The normal workflow is:

1. Read `agent-handoff.md`.
2. Review `quality-audit.json` for evidence-backed findings.
3. Review `code-quality-scan.json` for structural warnings and line evidence.
4. Review `remediation-plan.json` for ordered actions and verification gates.
5. Give an approved remediation slice to a coding agent.
6. Rerun Quality Runner to confirm findings clear and update the resolution ledger.

## Commands

```bash
quality-runner doctor
quality-runner init /path/to/repo --json
quality-runner status /path/to/repo --json
quality-runner inspect /path/to/repo --json
quality-runner run /path/to/repo --json
quality-runner export-handoff /path/to/repo
quality-runner-mcp
```

See [CLI Reference](docs/cli.md) for command details.

## MCP

The MCP server exposes:

- `quality_runner_doctor`
- `quality_runner_inspect_repo`
- `quality_runner_run`
- `quality_runner_status`
- `quality_runner_export_handoff`

See [MCP Integration](docs/mcp.md) for JSON-RPC examples and tool payloads.

## Artifacts

Quality Runner writes versioned JSON and Markdown artifacts. See
[Artifact Contract](docs/artifacts.md) for the current v1 artifact set and
field-level guarantees.

## Standards Profiles

The built-in profile is `default`. Repos can also save custom profiles in
`.quality-runner.toml`:

```bash
quality-runner init /path/to/repo --json
```

```toml
[quality_runner]
default_profile = "team"

[quality_runner.profiles.team]
extends = "default"
required_capabilities = ["lint", "typecheck", "tests", "dead_code"]
allowed_package_managers = ["pnpm", "bun"]
```

After saving the config, the custom profile is selected automatically by
`default_profile`, or explicitly with:

```bash
quality-runner run /path/to/repo --profile team --json
```

See [Standards Profiles](docs/standards-profiles.md) for the full profile and
repo-policy reference.

## Scan Exclusions

Discovery skips fixture corpora, docs, vendored trees, generated corpora, and
tool output directories by default so embedded samples are not reported as
product workspaces. Add repo-specific exclusions in `.quality-runner.toml`:

```toml
[quality_runner]
scan_exclusions = ["samples", "generated-reports/**"]
```

## v1 Safety Boundary

Quality Runner v1 may create or update files under `.quality-runner/runs/<run-id>/`
in the target repository. It must not edit source files, install dependencies,
create commits, call remote services, or execute remediation.

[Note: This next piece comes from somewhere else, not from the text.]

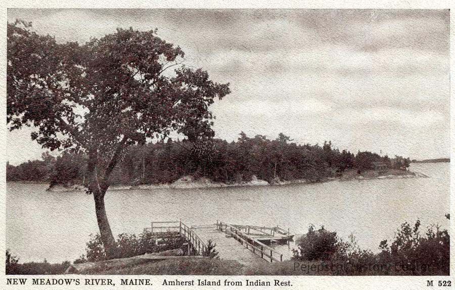 A B/W postcard of Amherst Island and the New Meadow River taken from Indian Rest, New Meadow's River, ME. Amherst Island was owned by Samuel Furbish. Furbish was the Assistant Treasurer for Bowdoin College, Treasurer-Trustee for Bowdoin College, Chairman of Brunswick's Board of Assessors, then Elected Vice-President of Maine Assessors' Association, among other titles. Undated.Lexicon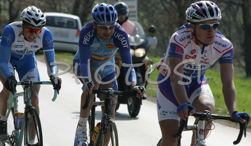 : Jure Zrimsek of KK Adria Mobil, Robert Vrecer of KK Radenska Powerbar and Edward Boasson Hagen of Team Maxbo Bianchi) cycling at 5th Porec Trophy. 5th Porec Trophy in lenght of 165 km, is categorized as UCI 1.2 and was held on 11th March 2007 in Porec, Croatia.

Every generated remediation slice includes verification guidance, but a separate
coding agent must receive user approval before implementation.

## Development

Run the full local ladder:

```bash
python3.14 -m pytest -q
ruff check .
ruff format --check .
basedpyright
vulture . --min-confidence 70
uv run --with pytest pytest -q
python3.14 scripts/run_pytest_with_lcov.py
pre-cr run --workspace . --json  # changed-line readiness; expects changed files
```

See [Troubleshooting](docs/troubleshooting.md) for common install and runtime
issues.

See [Release Checklist](docs/release.md) for PyPI and Homebrew packaging notes.